This information statement (the "Information Statement") is furnished to the
shareholders of Micro Bio-Medical Waste Systems, Inc., a Nevada corporation (the
"Company"), with respect to certain corporate actions of the Company.
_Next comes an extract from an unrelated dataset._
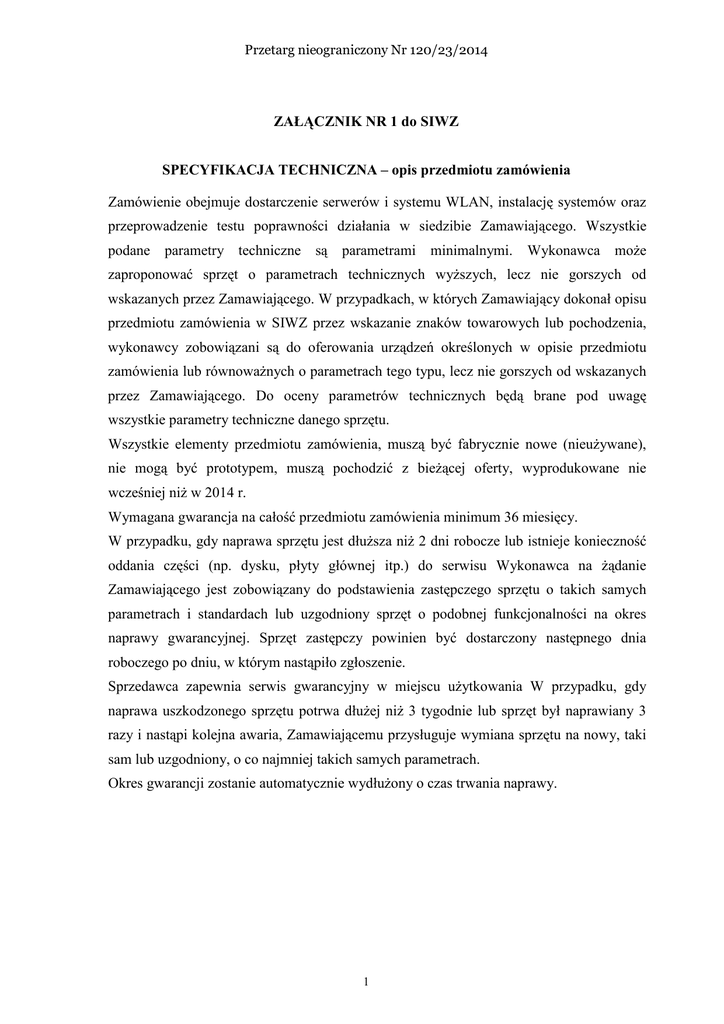 Przetarg nieograniczony Nr 120/23/2014 ZAŁĄCZNIK NR 1 do SIWZ SPECYFIKACJA TECHNICZNA – opis przedmiotu zamówienia Zamówienie obejmuje dostarczenie serwerów i systemu WLAN, instalację systemów oraz przeprowadzenie testu poprawności działania w siedzibie Zamawiającego. Wszystkie podane parametry techniczne są parametrami minimalnymi. Wykonawca może zaproponować sprzęt o parametrach technicznych wyższych, lecz nie gorszych od wskazanych przez Zamawiającego. W przypadkach, w których Zamawiający dokonał opisu przedmiotu zamówienia w SIWZ przez wskazanie znaków towarowych lub pochodzenia, wykonawcy zobowiązani są do oferowania urządzeń określonych w opisie przedmiotu zamówienia lub równoważnych o parametrach tego typu, lecz nie gorszych od wskazanych przez Zamawiającego. Do oceny parametrów technicznych będą brane pod uwagę wszystkie parametry techniczne danego sprzętu. Wszystkie elementy przedmiotu zamówienia, muszą być fabrycznie nowe (nieużywane), nie mogą być prototypem, muszą pochodzić z bieżącej oferty, wyprodukowane nie wcześniej niż w 2014 r. Wymagana gwarancja na całość przedmiotu zamówienia minimum 36 miesięcy. W przypadku, gdy naprawa sprzętu jest dłuższa niż 2 dni robocze lub istnieje konieczność oddania części (np. dysku, płyty głównej itp.) do serwisu Wykonawca na żądanie Zamawiającego jest zobowiązany do podstawienia zastępczego sprzętu o takich samych parametrach i standardach lub uzgodniony sprzęt o podobnej funkcjonalności na okres naprawy gwarancyjnej. Sprzęt zastępczy powinien być dostarczony następnego dnia roboczego po dniu, w którym nastąpiło zgłoszenie. Sprzedawca zapewnia serwis gwarancyjny w miejscu użytkowania W przypadku, gdy naprawa uszkodzonego sprzętu potrwa dłużej niż 3 tygodnie lub sprzęt był naprawiany 3 razy i nastąpi kolejna awaria, Zamawiającemu przysługuje wymiana sprzętu na nowy, taki sam lub uzgodniony, o co najmniej takich samych parametrach. Okres gwarancji zostanie automatycznie wydłużony o czas trwania naprawy. 1 Przetarg nieograniczony Nr 120/23/2014 CZĘŚĆ 1 Serwer Rack – 5 sztuk Komponent Obudowa Płyta główna Procesor Chipset Pamięć RAM Sloty PCI Express Karta graficzna Wbudowane porty Interfejsy sieciowe Kontroler dysków Wewnętrzna pamięć masowa Zasilacze Wentylatory Bezpieczeństwo Minimalne wymagania Obudowa Rack o wysokości maks. 2U z możliwością instalacji min. 24 dysków 2.5” Hot Plug wraz z kompletem wysuwanych szyn umożliwiających montaż w szafie rack i wysuwanie serwera do celów serwisowych oraz organizatorem kabli. Posiadająca dodatkowy przedni panel zamykany na klucz, chroniący dyski twarde przed nieuprawnionym wyjęciem z serwera. Płyta główna z możliwością zainstalowania do dwóch procesorów. Płyta główna musi być zaprojektowana przez producenta serwera i oznaczona jego znakiem firmowym. Dwa procesory ośmiordzeniowe klasy x86 dedykowane do pracy z zaoferowanym serwerem umożliwiające osiągnięcie wyniku min. 889 punktów w teście SPECint_rate_base2006 dostępnym na stronie www.spec.org w konfiguracji dwuprocesorowej. Do oferty należy załączyć wynik testu dla serwera z oferowanymi procesorami. Dedykowany przez producenta procesora do pracy w serwerach dwuprocesorowych 128 GB pamięci RAM typu LV RDIMM o częstotliwości pracy 1333MHz. Płyta powinna obsługiwać do 768GB pamięci RAM, na płycie głównej powinno znajdować się minimum 24 sloty przeznaczonych dla pamięci. Możliwe zabezpieczenia pamięci: Memory Rank Sparing, Memory Mirror, SBEC, Lockstep Funkcjonujące sloty PCI Express: - minimum trzy sloty x16 generacji 3 o prędkosci x8 niskoprofilowe - minimum jeden slot x16 generacji 3 o prędkości x8 - minimum dwa sloty x16 generacji 3 o prędkości x16 pełnej długości i wysokości Zintegrowana karta graficzna umożliwiająca rozdzielczość min. 1280x1024 min. 4 porty USB 2.0 , 2 porty RJ45, 2 porty VGA (1 na przednim panelu obudowy, drugi na tylnym), min. 1 port RS232 Minimum dwa interfejsy sieciowe 1Gb Ethernet w standardzie BaseT oraz dwa interfejsy sieciowe 10Gb Ethernet ze złączami w standardzie BaseT , interfejsy sieciowe nie mogą zajmować żadnego z dostępnych slotów PCI Express. Wsparcie dla protokołów iSCSI Boot oraz IPv6. Możliwość instalacji wymiennie modułów udostępniających: - dwa interfejsy sieciowe 1Gb Ethernet w standardzie BaseT oraz dwa interfejsy sieciowe 10Gb Ethernet ze złączami w standardzie SFP+ - cztery interfejsy sieciowe 1Gb Ethernet w standardzie BaseT - cztery interfejsy sieciowe 10Gb Ethernet w standardzie SFP+ Sprzętowy kontroler dyskowy, posiadający min. 1GB nieulotnej pamięci cache , możliwe konfiguracje poziomów RAID : 0, 1, 5, 6, 10, 50, 60 Możliwość instalacji dysków twardych SATA, SAS, NearLine SAS, SSD oraz samoszyfrujących dostępnych w aktualnej ofercie producenta serwera. Zainstalowane 8 dysków twardych o pojemności min. 146GB SAS 15k RPM każdy, skonfigurowane fabrycznie przez producenta serwera w dwa osobne poziomy zabezpieczeń RAID 5. Możliwość instalacji wewnętrznego modułu dedykowanego dla hypervisora wirtualizacyjnego, wyposażonego w 2 jednakowe nośniki typu flash z możliwoscią konfiguracji zabezpieczenia synchronizacji pomiędzy nośnikami z poziomu BIOS serwera, rozwiązanie nie może powodować zmiejszenia ilości wnęk na dyski twarde. Redundantne zasilacze Hot Plug o mocy maks. 750W każdy Minimum 6 redundantnych wentylatorów Hot-Plug Zintegrowany z płytą główną moduł TPM. Wbudowany czujnik otwarcia obudowy współpracujący z BIOS i kartą zarządzającą. 2 Przetarg nieograniczony Nr 120/23/2014 Karta zarządzająca Gwarancja Certyfikaty Dokumentacja Niezależna od zainstalowanego na serwerze systemu operacyjnego posiadająca dedykowane port RJ45 Gigabit Ethernet umożliwiająca: zdalny dostęp do graficznego interfejsu Web karty zarządzającej - zdalne monitorowanie i informowanie o sta

This
Information statement is first being provided to shareholders on or about
September 12, 2006.

The corporate action involves the following proposal (the "Proposal"):

      1.    To approve an amendment to the Company's Articles of Incorporation
            to change the name of the Company to "Crown Equity Holdings Inc."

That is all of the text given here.